I have been asked a few times in the last 2 months if I would have jumped into self employment if I knew Google would hit my clients and advertisers in March and April 2012. Yes, yes I would. Self employment obviously has its ups and downs, but quite frankly, I feel that a bad day working for myself is better than a great day working for someone else. Period.
Just Have a Plan
That said, bad months need to be planned for. Here is what I have concentrated on:
- Diversification. We have many clients and many advertiser contacts. That helps lessen the risk. I also have started a side commenting business, can go back to staff writing, and have a few other ideas in the shoot. In short, there are backups – lots of backups.

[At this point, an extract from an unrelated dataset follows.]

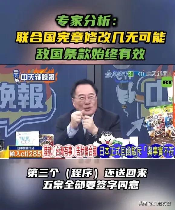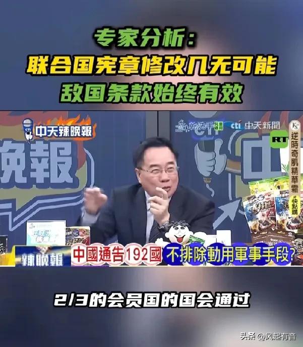 日本外务省妄言“敌国条款”形同虚设,专家分析称日本在白日做梦! 为反击高市早苗荒谬的涉台言论,中国驻日大使馆11月21日在社交媒体援引《联合国宪章》中的“敌国条款”再次警告日本。面对中方的严正警告,日本外务省竟然妄言“敌国条款”已经“形同虚设”。 那么,什么是“敌国条款”?它的厉害之处在哪里?“敌国条款”是《联合国宪章》第53条、第77条和第107条相关内容。它规定德意日等法西斯或军国主义国家的任何一国有再次实施侵略政策的任何步骤,中法苏英美等联合国创始成员国有权对其直接实施军事行动,无须安理会授权。也就是说,如果中国认定日本有侵略意图,可根据联合国“敌国条款”无须授权直接对日开战。 “敌国条款”就像高悬在日本头顶的一把利剑,让日本右翼军国主义分子寝食难安。日本等国家曾多次提出修改诉求,均以失败告终,因此,“敌国条款”自1945年联合国成立以来仍然存续。 日本修改“敌国条款”的企图为什么难以得逞?在台湾“中天新闻”节目中,多名国际政治评论员给出了答案。原来,要修改联合国宪章的任何条款都必须通过三道程序:第一道,联合国大会三分之二通过,即193个会员国中至少129国赞成。 第二道,修改案需送交三分之二会员国的国会批准,涉及100多个国家的立法机构。整个过程或耗时长达数年。第三道,安理会五个常任理事国必须全体签字同意。 像日本目前这种情况,恐怕连第一道程序都通过不了,更别说后面两道程序了。

- Save. We make sure to keep cash on hand to cover bad months and build this padding up during the good ones. We also used extra to pay down our mortgage so we’d have less debt liability overall. We’ll be buying a new home, but will be renting out our current home and a room in our new house, which will cover the new mortgage, taxes, and expenses.

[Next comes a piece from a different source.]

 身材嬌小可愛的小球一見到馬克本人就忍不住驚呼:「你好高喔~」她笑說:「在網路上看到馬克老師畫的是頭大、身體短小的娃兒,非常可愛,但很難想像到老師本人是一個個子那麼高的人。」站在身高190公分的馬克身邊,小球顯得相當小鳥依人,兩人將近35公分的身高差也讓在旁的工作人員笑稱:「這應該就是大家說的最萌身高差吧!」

- Pay yourself a salary. The reason we could save and pay down mortgage debt during the good months is that we didn’t spend the extra we were making then. We pay ourselves a salary that relies on us making way less than normal and stick to it. I swear by this method and would suggest it to anyone.
Overall, self employment is NOT for everyone. Some of my friends actually like their regular day jobs, and I think that’s awesome. Really. I just want everyone to love what they do.
No matter what you choose, I would suggest having a plan. Plan for good months. Plan for bad months. Plan for layoffs. And make sure to budget in some fun. Just have a plan.